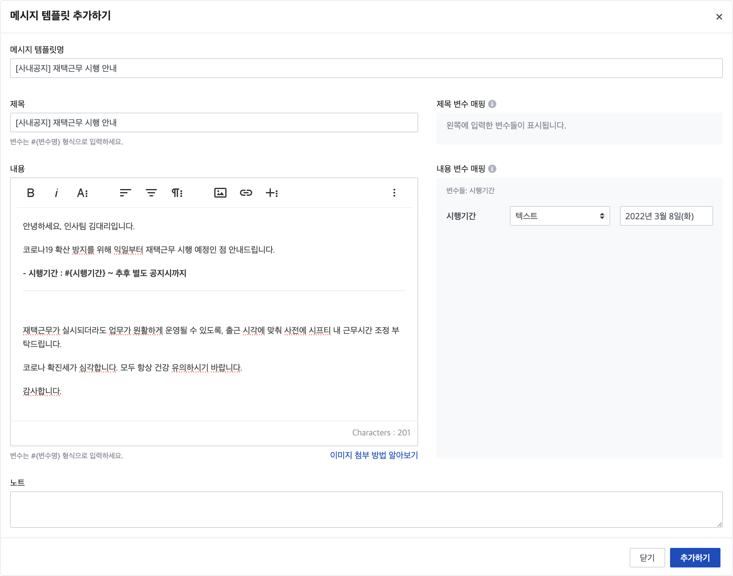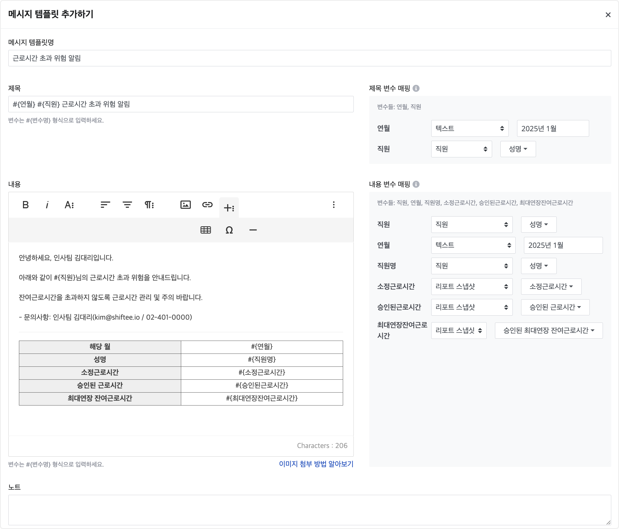 예) #{연월} #{직원} 근로시간 초과 위험 알림
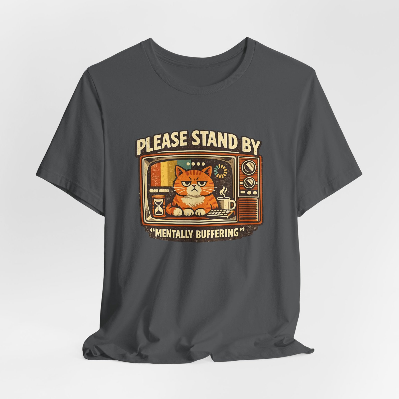 Please Stand By Mentally Buffering, T-Shirt | Retro TV Cat Illustration
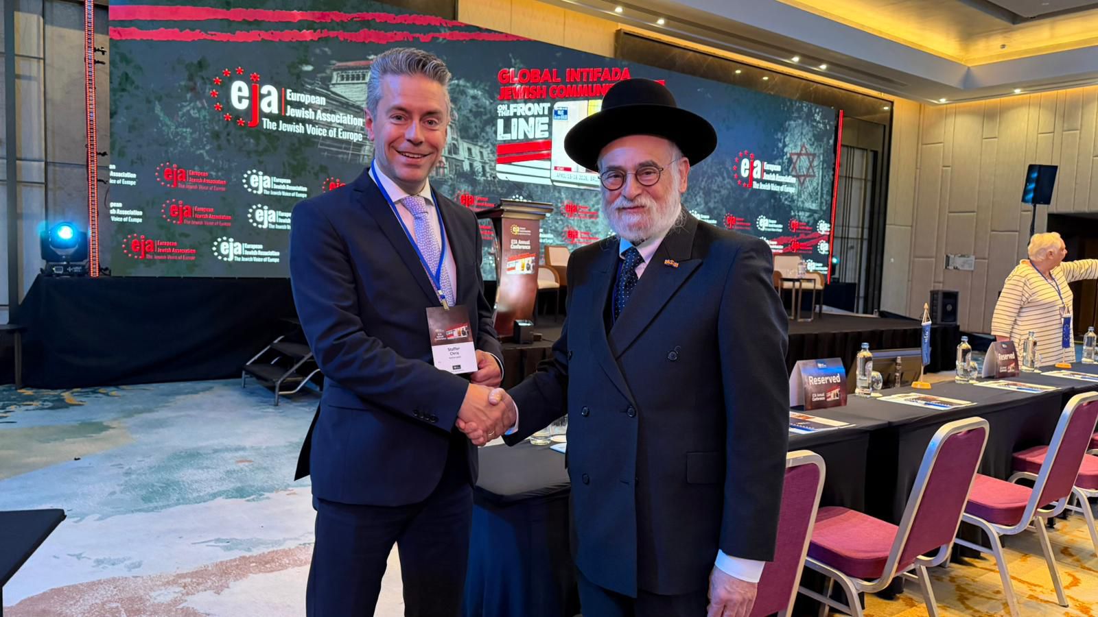 De conferentie is geweldig. Op de vraag of je als Jood bang bent om anno 2026 zichtbaar Joods op straat te lopen, was de uitslag (stemming met de mobiele telefoons) 50 procent - 50 procent en op de vraag of de Joodse gemeenten zich na 7 oktober in de steek gelaten voelden door hun lokale en nationale overheden gaf 72 procent van de Joodse bestuurders aan dat ze zich niet gesteund wisten. Maar desondanks gaf de overgrote meerderheid duidelijk te kennen dat ze er niet over peinzen om hun Europese geboorteland te verlaten. Alleen de vertegenwoordiger van Ierland, woonachtig in Dublin, wil haar kinderen niet in haar geboorteland zien opgroeien. De reden: in Ierland wordt er van overheidswege geen enkele vorm van beveiliging geboden. De Joodse gemeenschap moet dat zelf verzorgen en bekostigen.
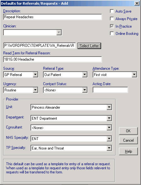 and select the default referral letter if required. - READ Term for Referral Reason - Select the Read code to trigger this default referral, this can be a very general code, for example simply H for respiratory problems, see Finding a Read Code for details.
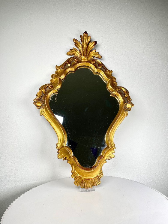 A beautiful antique style vintage mirror with a decorative Italian Baroque / Rococo design. The gilded wooden frame has detailed, ornate scrollwork and classic floral motifs. Presumably from early 20th century.

--

Task item:
What is needed is a word-for-word restatement of the lines from the one holding "De conferentie is" to the final line of the data above, inclusive, without any pictures.

Exercise solution:
 De conferentie is geweldig. Op de vraag of je als Jood bang bent om anno 2026 zichtbaar Joods op straat te lopen, was de uitslag (stemming met de mobiele telefoons) 50 procent - 50 procent en op de vraag of de Joodse gemeenten zich na 7 oktober in de steek gelaten voelden door hun lokale en nationale overheden gaf 72 procent van de Joodse bestuurders aan dat ze zich niet gesteund wisten. Maar desondanks gaf de overgrote meerderheid duidelijk te kennen dat ze er niet over peinzen om hun Europese geboorteland te verlaten. Alleen de vertegenwoordiger van Ierland, woonachtig in Dublin, wil haar kinderen niet in haar geboorteland zien opgroeien. De reden: in Ierland wordt er van overheidswege geen enkele vorm van beveiliging geboden. De Joodse gemeenschap moet dat zelf verzorgen en bekostigen.
 and select the default referral letter if required. - READ Term for Referral Reason - Select the Read code to trigger this default referral, this can be a very general code, for example simply H for respiratory problems, see Finding a Read Code for details.
 A beautiful antique style vintage mirror with a decorative Italian Baroque / Rococo design. The gilded wooden frame has detailed, ornate scrollwork and classic floral motifs. Presumably from early 20th century.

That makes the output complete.